══ Records supplied ══

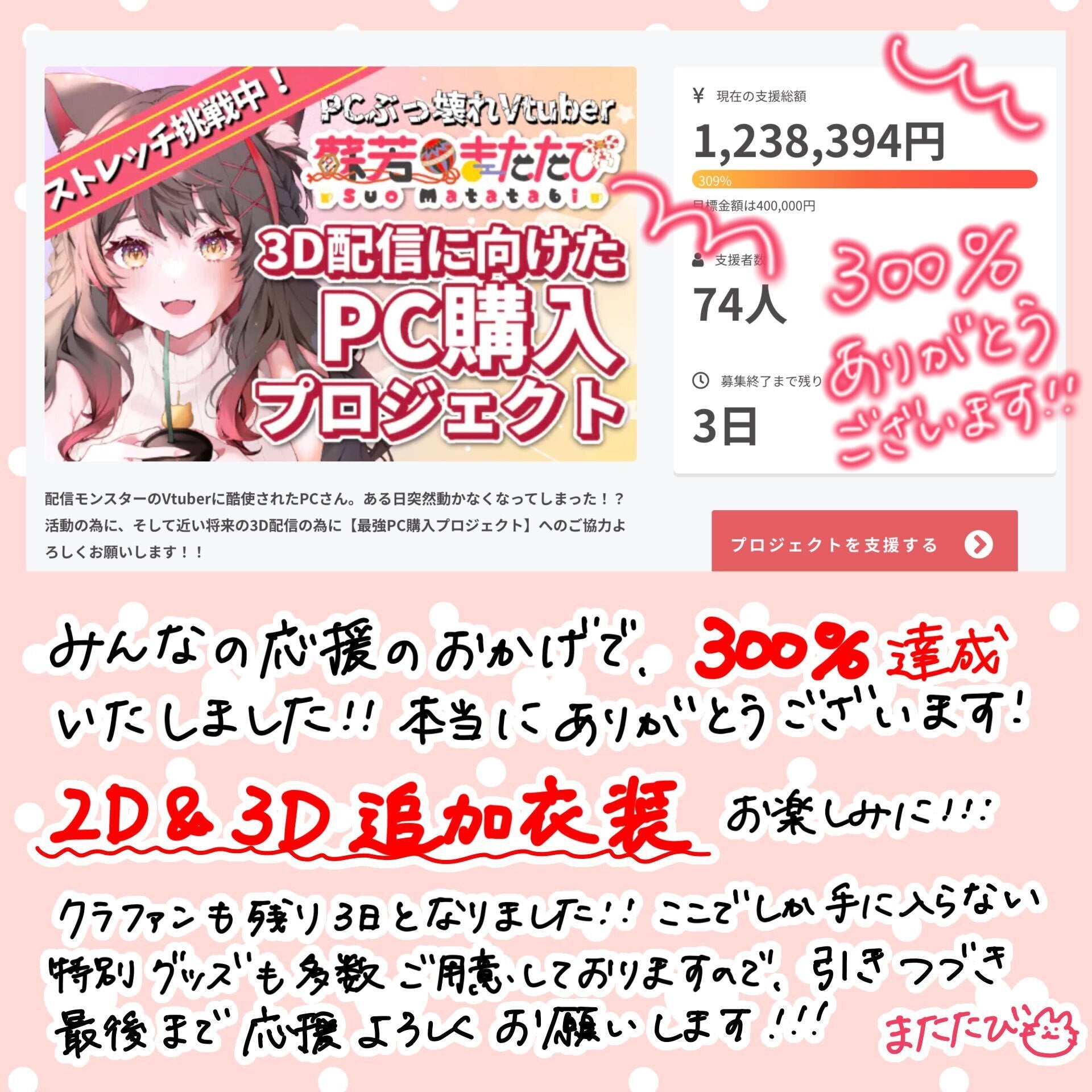 🔴300%達成:2D&3Dモデルの新衣装を実装! ← 達成!!!ありがとうございますぅぅぅ!!!
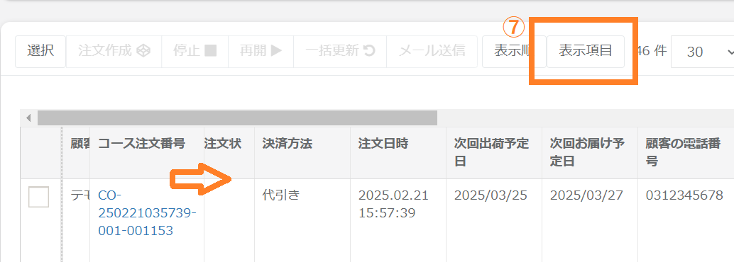④「表示項目」で定期注文マスター一覧上に表示される項目を追加できます。
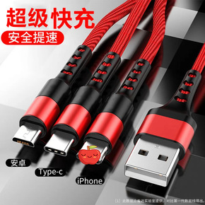 新款夜市圆形一拖三数据线适用于苹果 type-c 安卓 三合一快充线
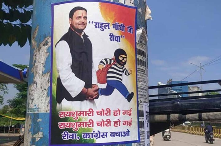 रीवा कांग्रेस नेता राहुल गांधी द्वारा लगाए जा रहे वोट चोरी के आरोपों के बाद रीवा में लगे उनके पोस्टरों...
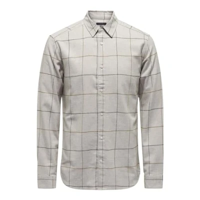 ONLY & SONS Men's Onslars Ls Reg Brush Check Shirt Work Utility T, Light Grey Melange/Checks:Monks Robe, L
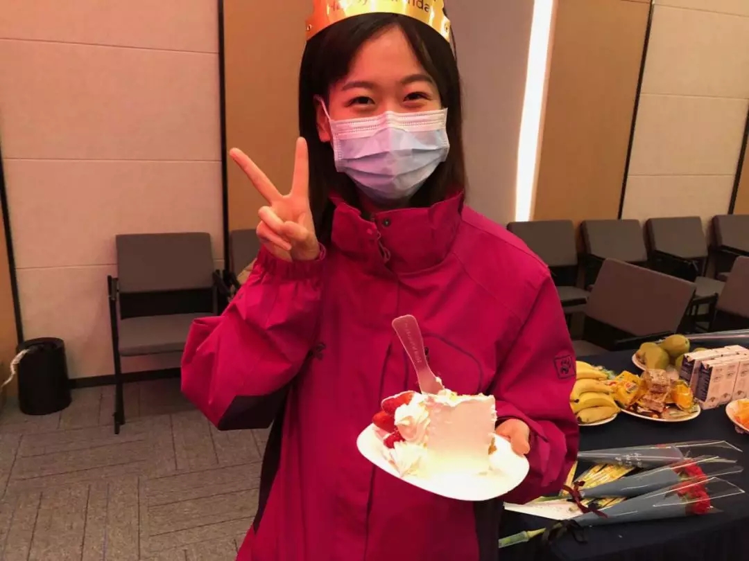 生日會場簡單而溫馨,一個大蛋糕放在了桌子中央?!巴郏猩盏案獍?!太棒了!”90后小姑娘開心的拍手,這是她馳援武漢一來,第一次吃到蛋糕。
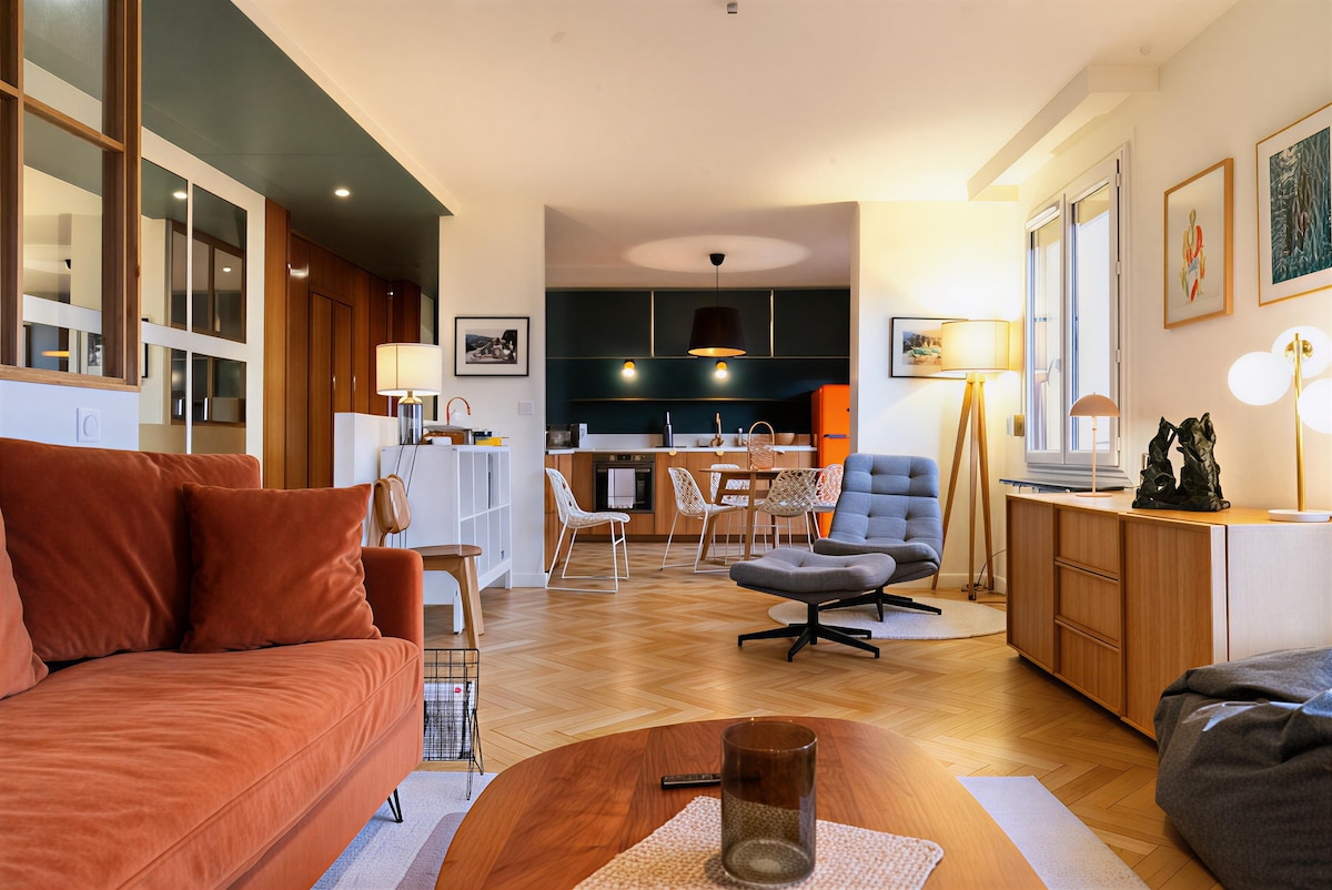 75 m² loftu na 11. piętrze – otwarty plan, przestronny układ i przemyślany projekt autorstwa projektanta wnętrz. Prawdziwa oaza w samym sercu Lyonu. Idealne dla rodzin (sprzęt dla niemowląt w cenie), par lub osób pracujących, które szukają spokoju i komfortu oraz szybkiego internetu światłowodowego. Uwaga: od marca do czerwca 2026 roku w naszym budynku będą prowadzone prace remontowe, co oznacza, że w tym czasie widok będzie częściowo zasłonięty. Odpowiednio dostosowaliśmy nasze ceny.

═══

Required work: Leaving the pictures out, write out every entry exactly.

Task solution:
 🔴300%達成:2D&3Dモデルの新衣装を実装! ← 達成!!!ありがとうございますぅぅぅ!!!
④「表示項目」で定期注文マスター一覧上に表示される項目を追加できます。
 新款夜市圆形一拖三数据线适用于苹果 type-c 安卓 三合一快充线
 रीवा कांग्रेस नेता राहुल गांधी द्वारा लगाए जा रहे वोट चोरी के आरोपों के बाद रीवा में लगे उनके पोस्टरों...
 ONLY & SONS Men's Onslars Ls Reg Brush Check Shirt Work Utility T, Light Grey Melange/Checks:Monks Robe, L
 生日會場簡單而溫馨,一個大蛋糕放在了桌子中央?!巴郏猩盏案獍?!太棒了!”90后小姑娘開心的拍手,這是她馳援武漢一來,第一次吃到蛋糕。
 75 m² loftu na 11. piętrze – otwarty plan, przestronny układ i przemyślany projekt autorstwa projektanta wnętrz. Prawdziwa oaza w samym sercu Lyonu. Idealne dla rodzin (sprzęt dla niemowląt w cenie), par lub osób pracujących, które szukają spokoju i komfortu oraz szybkiego internetu światłowodowego. Uwaga: od marca do czerwca 2026 roku w naszym budynku będą prowadzone prace remontowe, co oznacza, że w tym czasie widok będzie częściowo zasłonięty. Odpowiednio dostosowaliśmy nasze ceny.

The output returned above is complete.